Mobile software engineering has highly dynamic and competitive working environments where paradigms, tools, technologies, skills, and experiences are constantly changing and evolving (Rosen & Shihab, 2016). Our analysis revealed the issues and challenges most discussed by mobile developers as 36 separate topics. The findings of our analysis clearly showed that mobile development encompasses a wide spectrum of principal issues and challenges in six domain-specific contexts including “Development”, “UI settings”, “Tools”, “Data Management”, “Multimedia”, and “Mobile APIs”. In order to compare the topics from our analysis with those from other studies (Linares-Vásquez, Dit & Poshyvanyk, 2013; Beyer & Pinzger, 2014; Rosen & Shihab, 2016; Fontão et al., 2018), we presented a comparative list of topics revealed by these studies, in Table 7.

Table 7:
Common issues in the current study and previous studies.
Current study Fontão et al. (2018) Rosen & Shihab (2016) Beyer & Pinzger (2014) Linares-Vásquez, Dit & Poshyvanyk (2013)
Android studio
Kotlin
Arrays
Error handling
Authentication
View controller
Web view
Imaging
API requests
Flutter
Project building
List view
Emulator
Button actions
Text settings
Casting
Layout settings
React-native
Style-theme
Event issues
App crash
Connection
File settings
Fragment activity
Navigation bar
Database tasks
Map API
Notifications
Firebase
Media streaming
Functions
Threading
Cloud firestore
Xamarin
Dialog alerts
Testing
DOI: 10.7717/peerj-cs.1658/table-7

Considering the results in Table 7, we found that the topics of “Layout Settings”, “Database Tasks”, “Media Streaming”, “Error Handling”, “View Controller”, “Web View”, “API Requests”, “Casting”, and “Fragment Activity” were discussed in at least three studies. In this way, these nine topics were featured as the most focused mobile issues. On the other hand, topics “Arrays”, “Emulator”, “Button Actions”, “Text Settings”, “Style-Theme”, “Event Issues”, “File Settings”, “Firebase”, “Threading”, and “Dialog Alerts” were covered in only one of these four studies. Unlike other studies, topics “Android Studio”, “Kotlin”, “Flutter”, “React-Native”, “Functions”, “Cloud Firestore”, “Xamarin”, and “Testing” are only featured in our current study. Therefore, these eight topics can be seen as relatively new emerging issues and challenges of mobile development in recent years. These eight topics are important justifications that clearly demonstrate the widespread tendency towards cross-platform development, mobile development IDEs, and cloud-based data services.

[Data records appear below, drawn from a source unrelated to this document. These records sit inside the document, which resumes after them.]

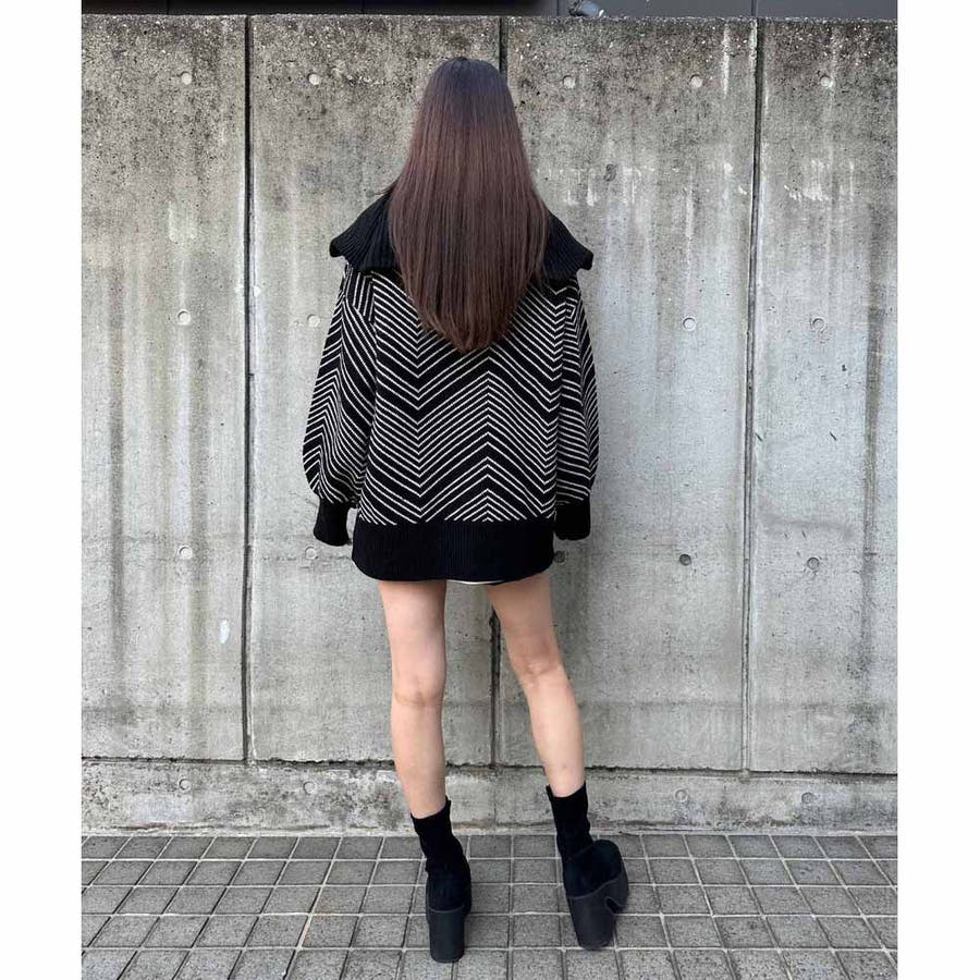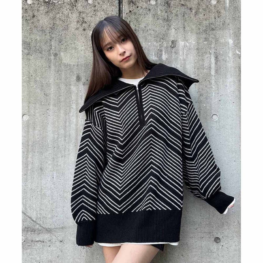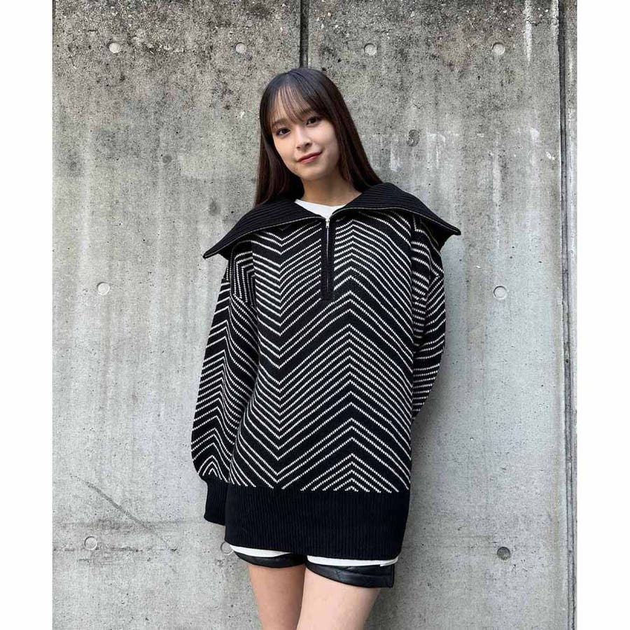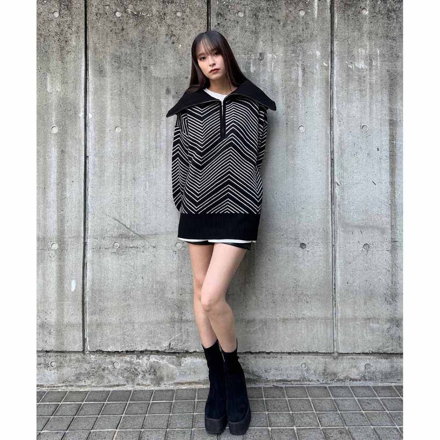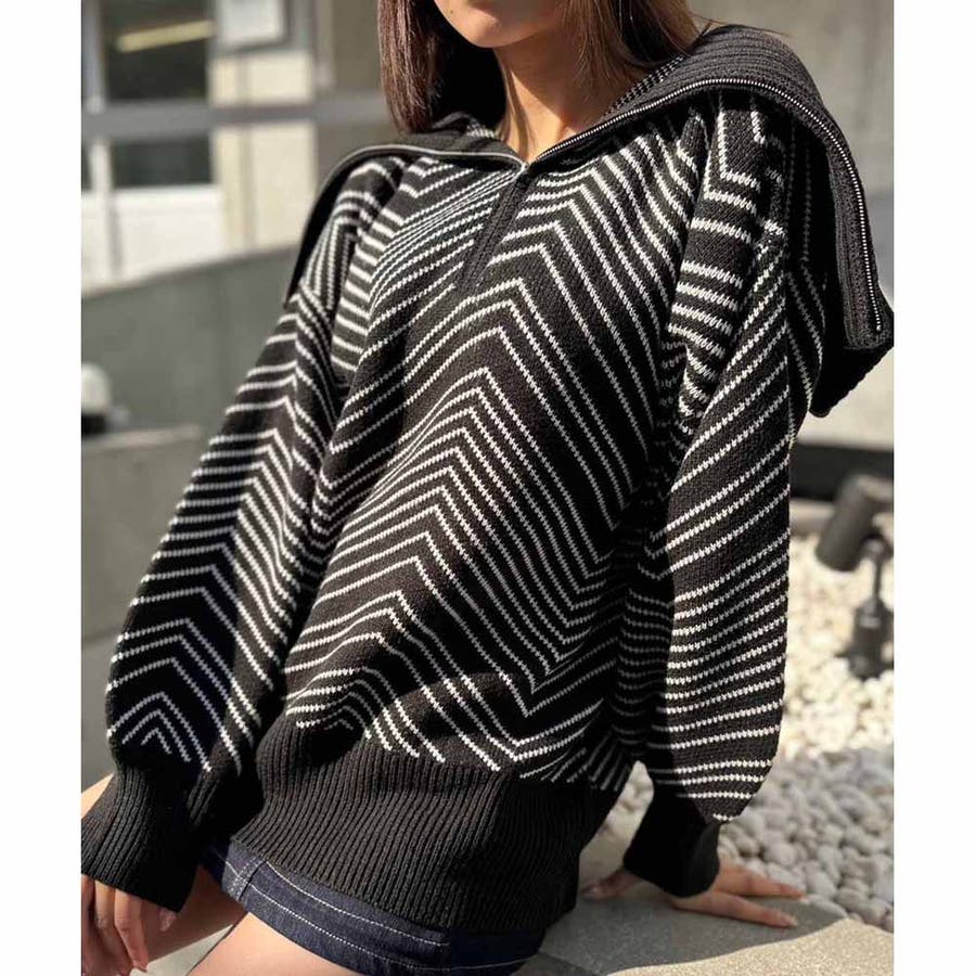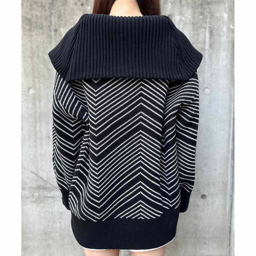 大胆なヘリンボーン柄がアクセントになるチュニック丈ニット♪
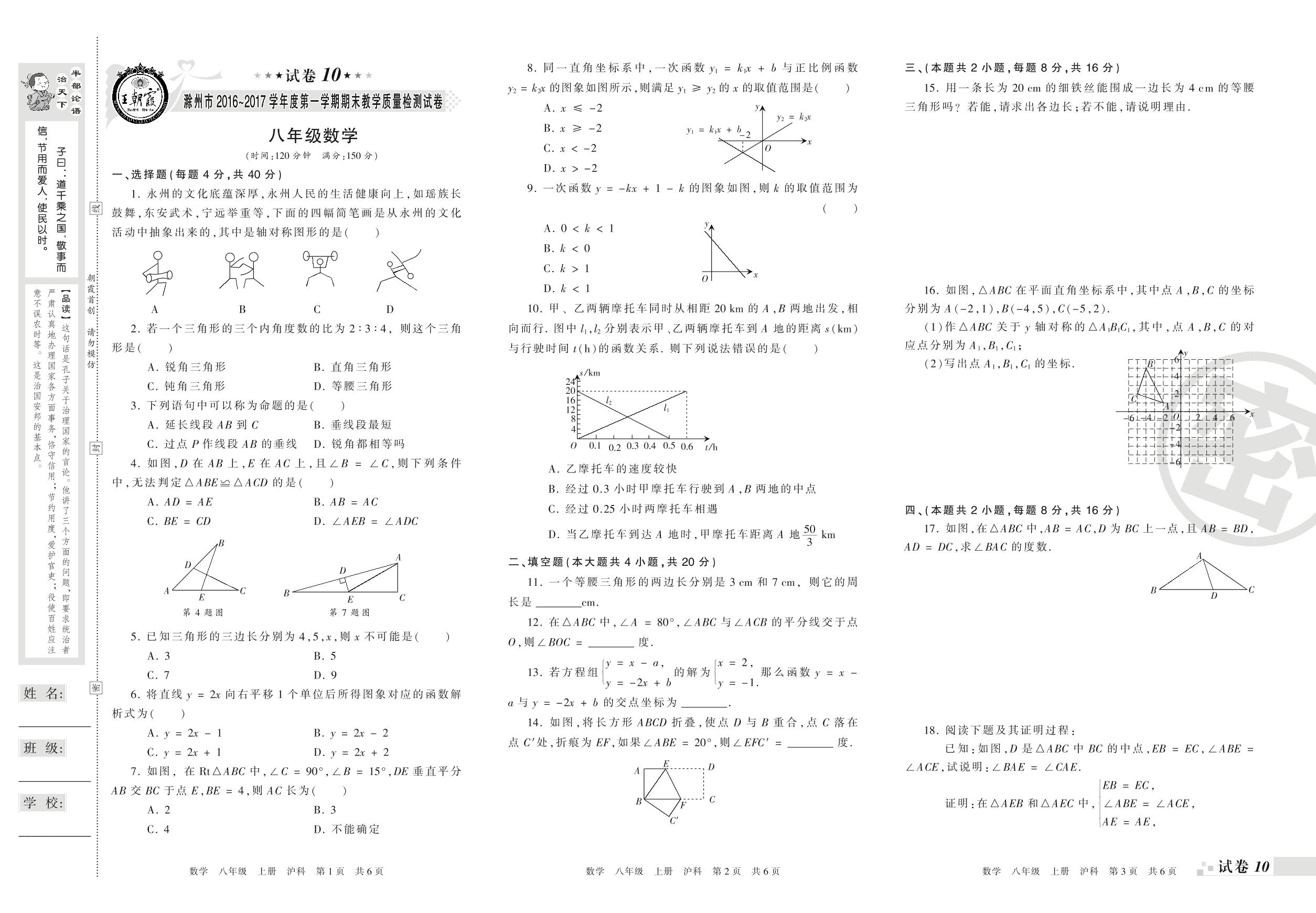 2016-2017学年第一学期滁州市八年级数学试卷(沪科版)【10】
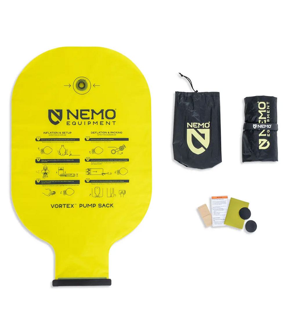 - Included Vortex™ pump sack provides easy and fast inflation, saves breath at elevation, and minimizes moisture entering the pad.
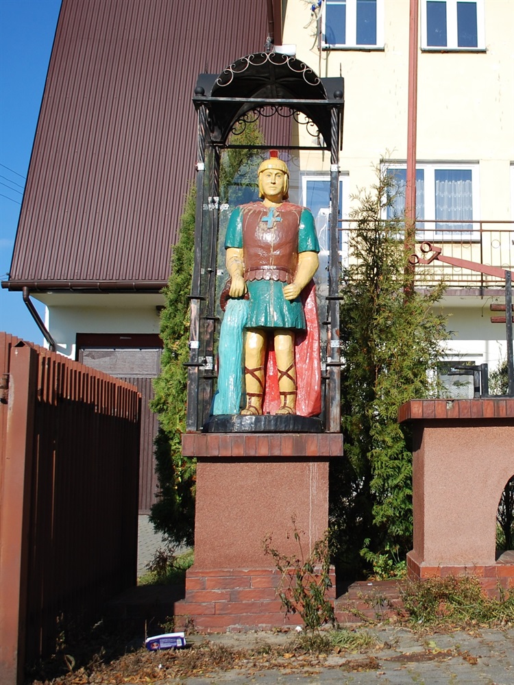 Fundatorem figury Janusz Adamski, cokół pod nią wykonali miejscowi strażacy. Uroczyste poświęcenie figury miało miejsce w dniu 22 maja 2010 roku. Figura znajduje się Przed remizą OSP przy ul. Źródlanej.
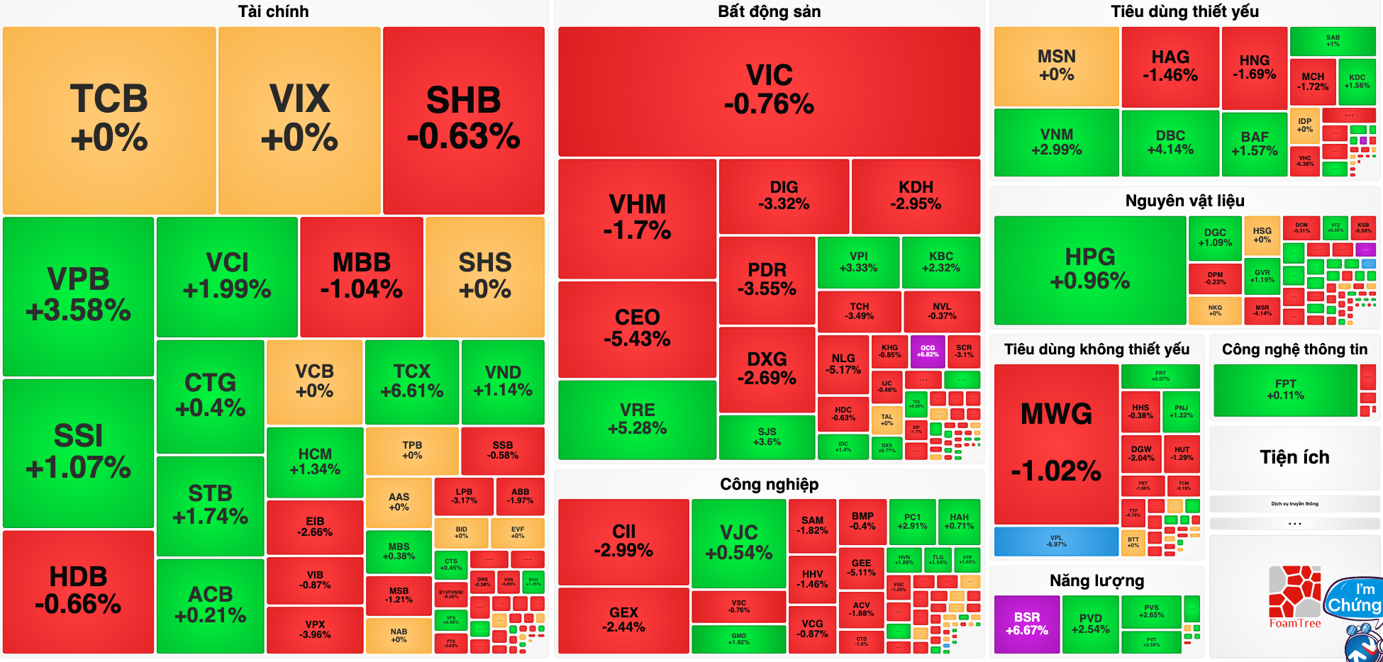 Nhóm cổ phiếu ngân hàng có sự phân hóa nhưng sắc đỏ nhiều hơn: LPB giảm 3,17%, EIB giảm 2,66%, MSB giảm 1,21%, MBB giảm 1,04%, ABB giảm 1,97%; VIB, HDB, SHB, SSB giảm gần 1%. Ngược lại: VPB tăng 3,58%, STB tăng 1,74%; ACB, CTG tăng gần 1%.
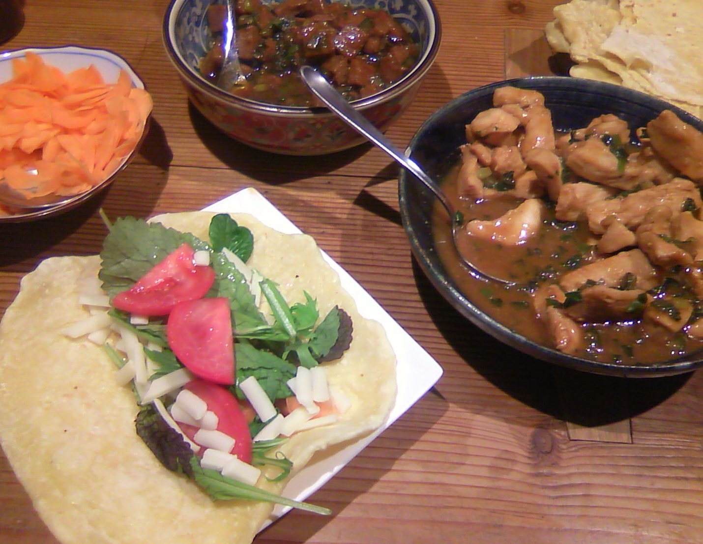 薄いパンに、肉や野菜をそれぞれ乗せて、巻くようにして食べるのだが、「ラップ」と呼ばれるナンを薄くしたようなパンは、山梨のスーパーでは見つからなかった。そこで肉と野菜をサムが、ラップパンを娘が作ることに。しかし、こねるまでは順調だったラップ作りが、薄く伸ばすところで難航した。
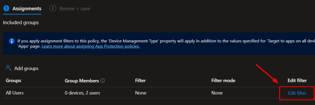 Once your filter is created, we can assign the app protection policy. Assign your policy to your target group and then click the Edit Filter link:
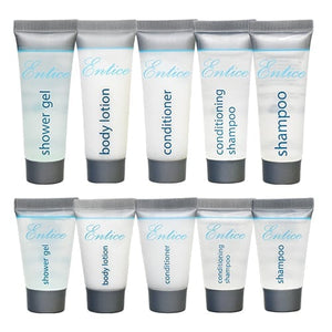 RapidClean Entice Guest Amenities contain high quality ingredients and a pleasant fragrance. The pure and fresh design of the Entice range co-ordinates with the decor of any hotel. This comprehensive range includes hair conditioner, hair shampoo, hair conditioning shampoo, shower gel and body lotion in both 15ml and 30ml tubes which match body soap bars in pleat wrap available in 20g.
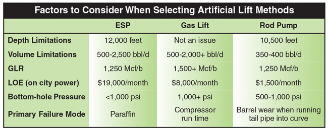The right application is key. In deeper wells, those with high gas-to-oil ratios, or those with strong bottom-hole pressures, gas lift can make more money even when city power becomes available. As shown in Table 1, our experience suggests ESPs are best reserved for wells with low GORs.
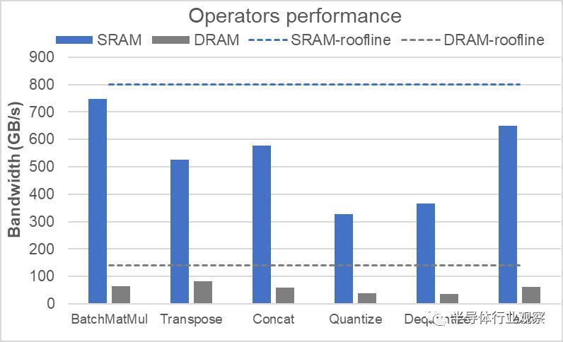 其他算子:虽然FC和TBE往往主导执行时间,但我们发现其他算子也同样重要,特别是考虑到优化前者所花费的精力。我们评估了BatchMatMul、Concat、Transpose和M=256、K=128、N=32的几个元素内核,张量数据放在SRAM和DRAM中(图13)。这些算子往往是内存绑定的,例如BatchMatMul和Tanh,它们分别达到SRAM带宽的90%和80%以上。当数据被放置在DRAM中时,由于更难隐藏额外的内存延迟,效率平均下降到40%左右。我们相信,实现数据布局优化、算子融合和最大限度地减少DRAM中的数据提取可能会缓解这一问题。
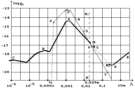 Рис. 1. Зависимость плотности реликтового излучения Вселенной от длины волны:

Insight into the use of mobile platforms, tools, and technologies

Mobile developers effectively use a wide-ranging collection of platforms, tools, and technologies covering programming languages, SDKs, IDEs, frameworks, APIs, databases, data services, and cloud-based resources in order to develop mobile apps in a more proficient way (Jabangwe, Edison & Duc, 2018). Our findings provide notable implications for time-dependent trends in mobile development issues, tools, and technologies (see Tables 4 and 6). Mobile development is a dynamic area where the technologies and tools used are constantly updated. Therefore, some paradigms, tools, and technologies used by the developers remain up-to-date over the years, while others become outdated in a very short time. As can be understood from our findings, while we have witnessed the dominance of Android and iOS among mobile platforms in the last 5 years, we have experienced the withdrawal of other platforms such as Windows-Phone. When evaluating our analysis and interpreting the results, it is necessary to take into account the fact that fewer new questions are asked about combined technologies or general framework topics, as answers to many previously asked questions are already available on Stack Overflow. Considering the top increasing and decreasing trends, our findings make it clear that certain topics and tags have reached saturation. For example, although Android and iOS have the highest percentages (see Fig. 3), they have the most decreasing trends (see Table 6). In fact, fewer new questions can be asked on older topics. This inference is not because the topics have diminished in importance, but because many of the questions on older topics have already been answered, and repetition of questions that already exist on Stack Overflow is not allowed. Consistent with this inference, it seems that more questions are asked on topics related to newer technologies (e.g., “Flutter”, “React-Native”, “Kotlin”, and “Android Studio”, see Tables 4 and 6), as they are new and most of the questions have not been asked before (Biørn-Hansen et al., 2020). Many of the increasingly trending topics presented in Tables 4 and 6 are fairly new technologies that became popular after 2015.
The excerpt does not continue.